<<<<

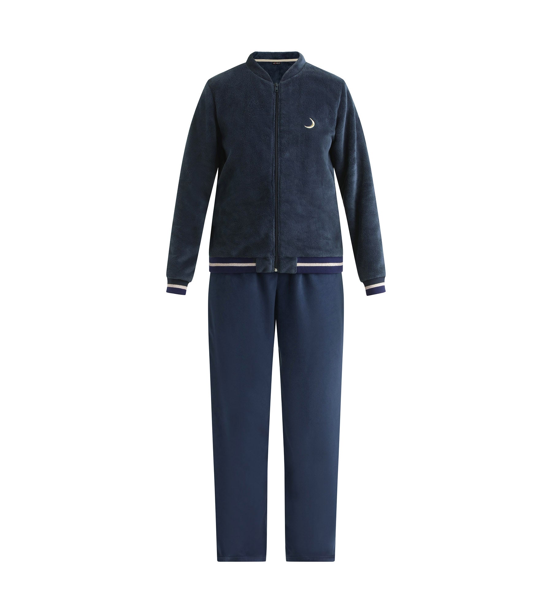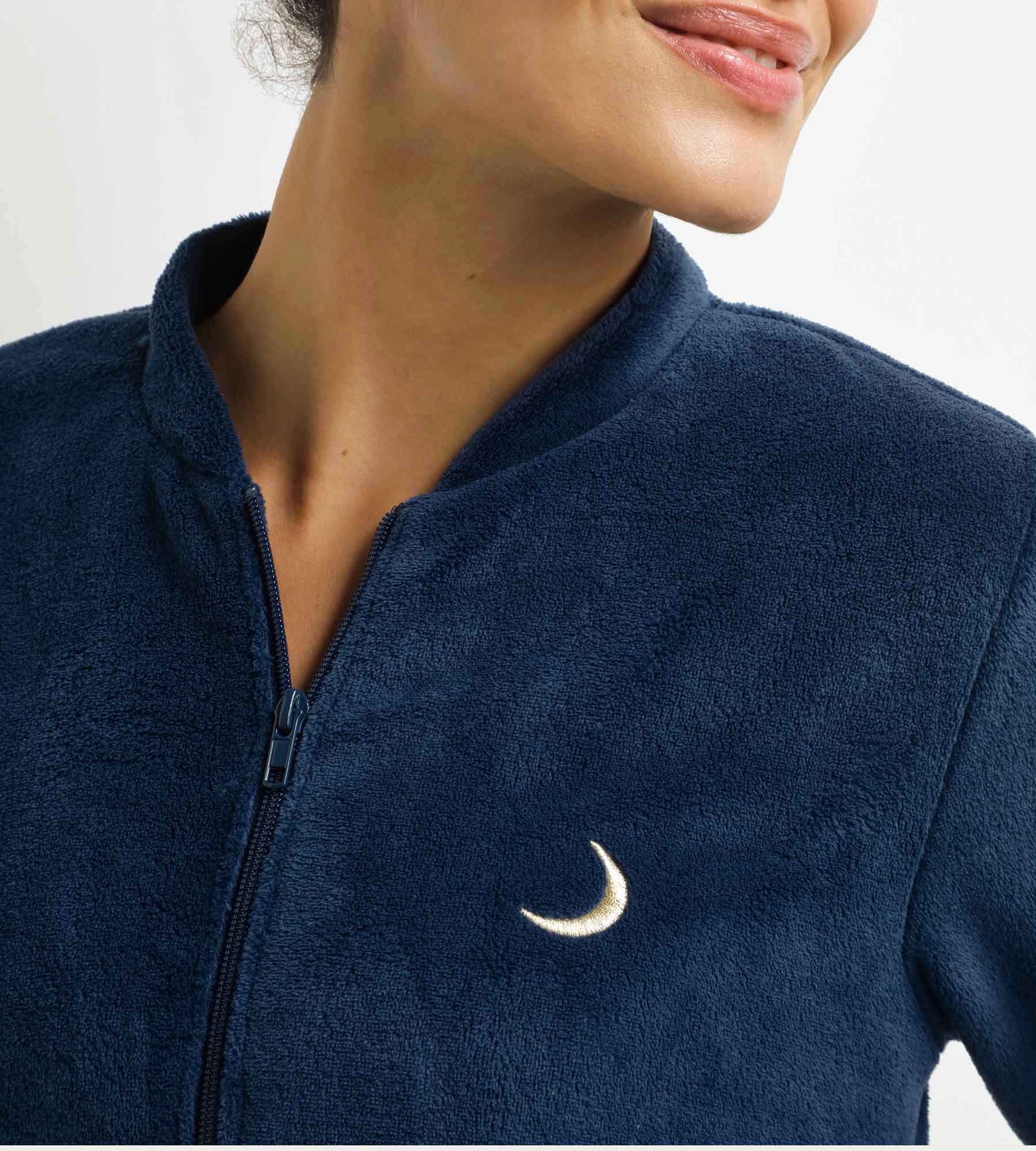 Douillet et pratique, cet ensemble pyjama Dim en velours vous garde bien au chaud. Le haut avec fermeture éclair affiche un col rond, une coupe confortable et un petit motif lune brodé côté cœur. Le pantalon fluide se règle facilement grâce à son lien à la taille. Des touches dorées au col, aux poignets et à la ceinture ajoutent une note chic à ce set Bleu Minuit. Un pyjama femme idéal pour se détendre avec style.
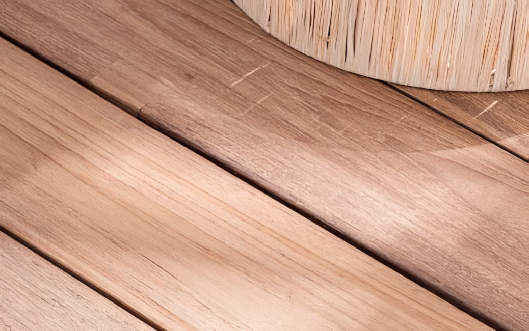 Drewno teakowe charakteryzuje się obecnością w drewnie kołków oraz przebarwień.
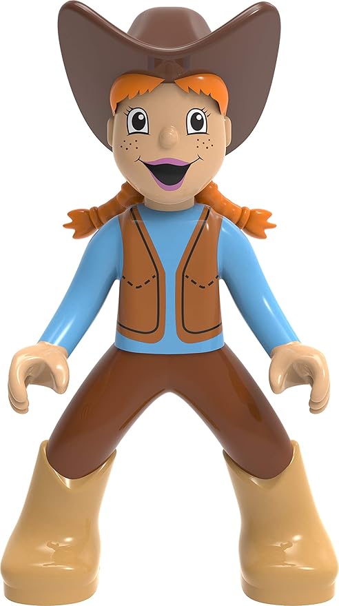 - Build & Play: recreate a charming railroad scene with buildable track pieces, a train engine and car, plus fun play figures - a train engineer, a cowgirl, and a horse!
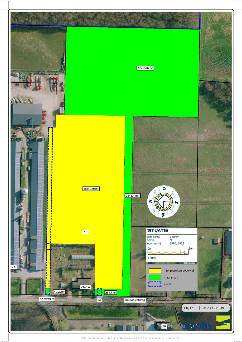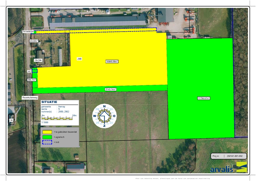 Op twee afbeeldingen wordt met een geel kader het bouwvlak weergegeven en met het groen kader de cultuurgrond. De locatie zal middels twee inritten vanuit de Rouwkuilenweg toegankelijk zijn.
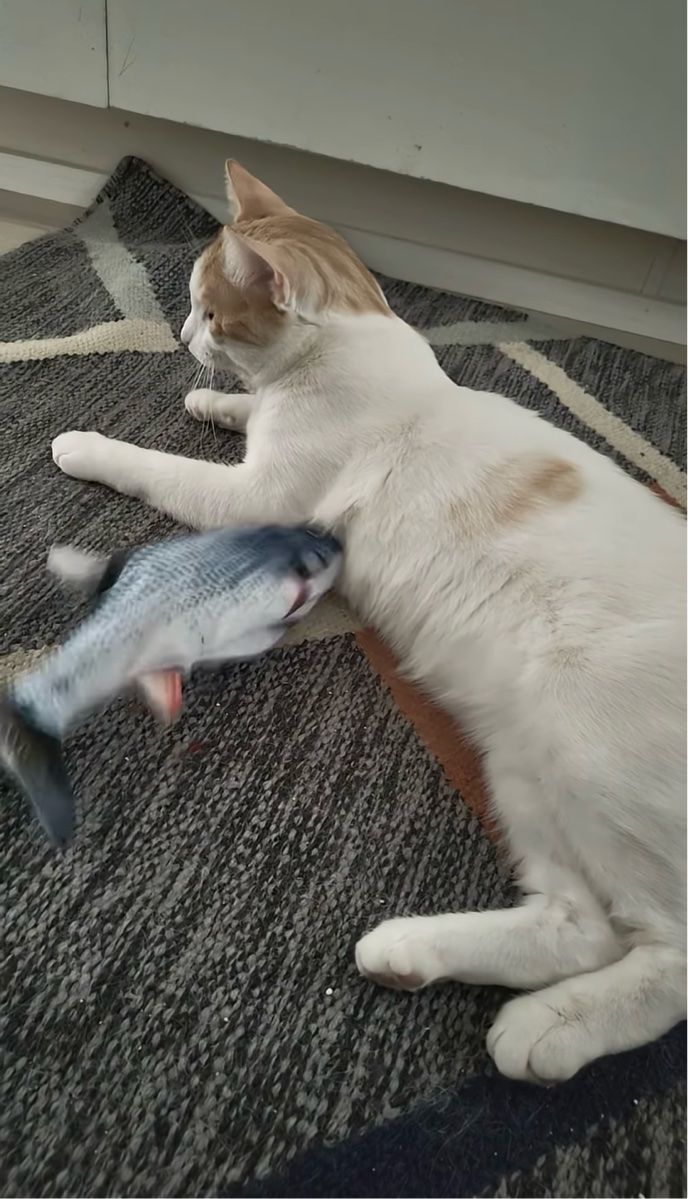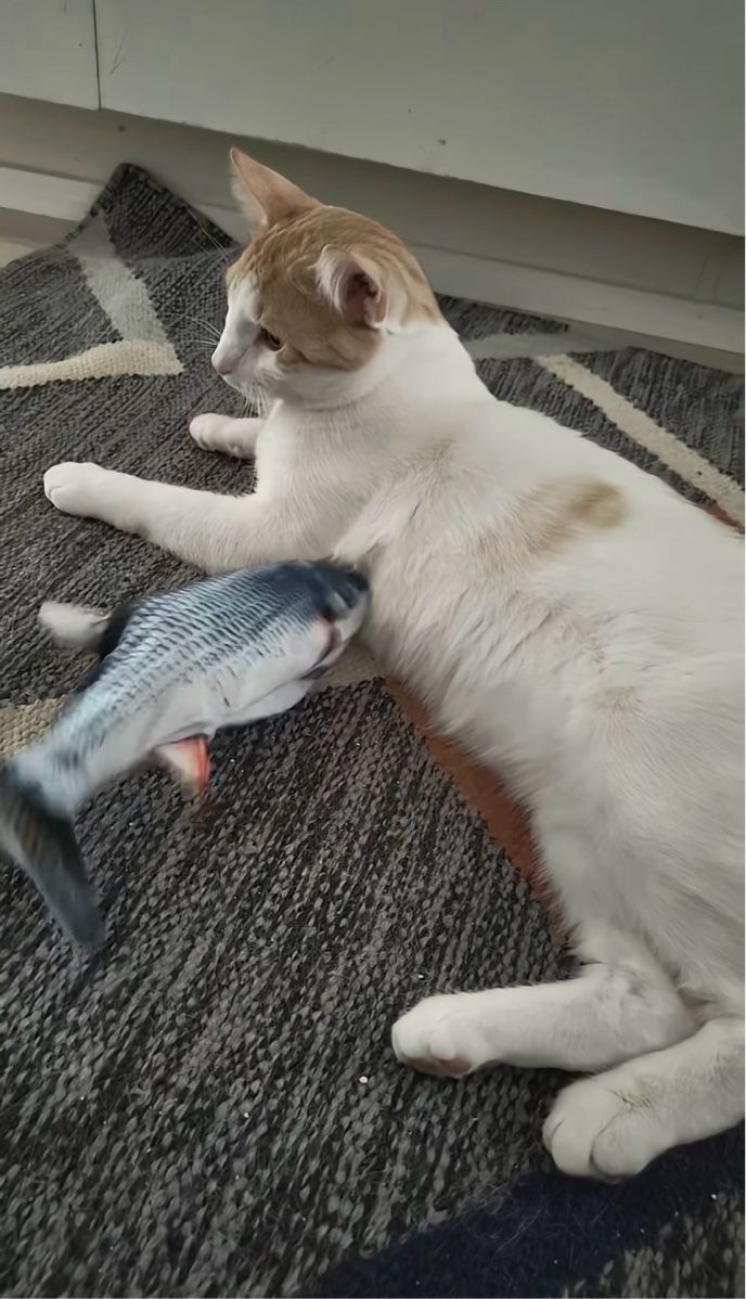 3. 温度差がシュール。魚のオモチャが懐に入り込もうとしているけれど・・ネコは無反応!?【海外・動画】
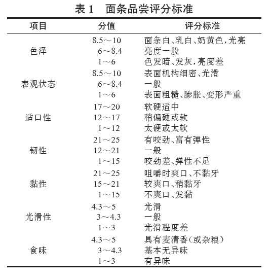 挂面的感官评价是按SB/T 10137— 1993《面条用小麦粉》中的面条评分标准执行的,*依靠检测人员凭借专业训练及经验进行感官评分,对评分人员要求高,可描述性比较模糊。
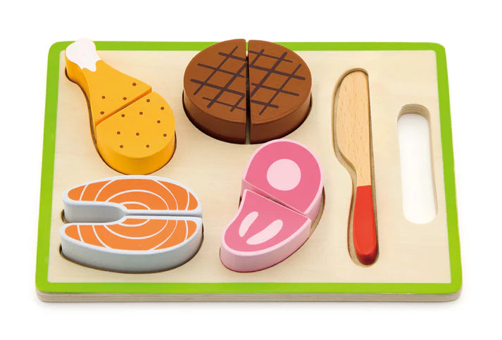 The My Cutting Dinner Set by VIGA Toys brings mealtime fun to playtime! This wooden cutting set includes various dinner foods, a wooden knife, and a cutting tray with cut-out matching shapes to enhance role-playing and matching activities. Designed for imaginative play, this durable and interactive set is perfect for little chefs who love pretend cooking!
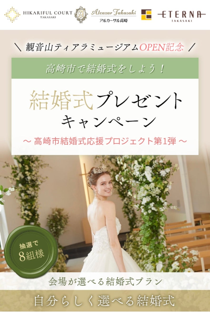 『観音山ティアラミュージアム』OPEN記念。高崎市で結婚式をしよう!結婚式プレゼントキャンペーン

>>>>

ACTIVITY — Please return, exactly and with pictures omitted, the lines from the line holding "Op twee afbeeldingen" through the end of the data above, inclusive.

RESULT OF THIS TASK —
 Op twee afbeeldingen wordt met een geel kader het bouwvlak weergegeven en met het groen kader de cultuurgrond. De locatie zal middels twee inritten vanuit de Rouwkuilenweg toegankelijk zijn.
 3. 温度差がシュール。魚のオモチャが懐に入り込もうとしているけれど・・ネコは無反応!?【海外・動画】
 挂面的感官评价是按SB/T 10137— 1993《面条用小麦粉》中的面条评分标准执行的,*依靠检测人员凭借专业训练及经验进行感官评分,对评分人员要求高,可描述性比较模糊。
 The My Cutting Dinner Set by VIGA Toys brings mealtime fun to playtime! This wooden cutting set includes various dinner foods, a wooden knife, and a cutting tray with cut-out matching shapes to enhance role-playing and matching activities. Designed for imaginative play, this durable and interactive set is perfect for little chefs who love pretend cooking!
 『観音山ティアラミュージアム』OPEN記念。高崎市で結婚式をしよう!結婚式プレゼントキャンペーン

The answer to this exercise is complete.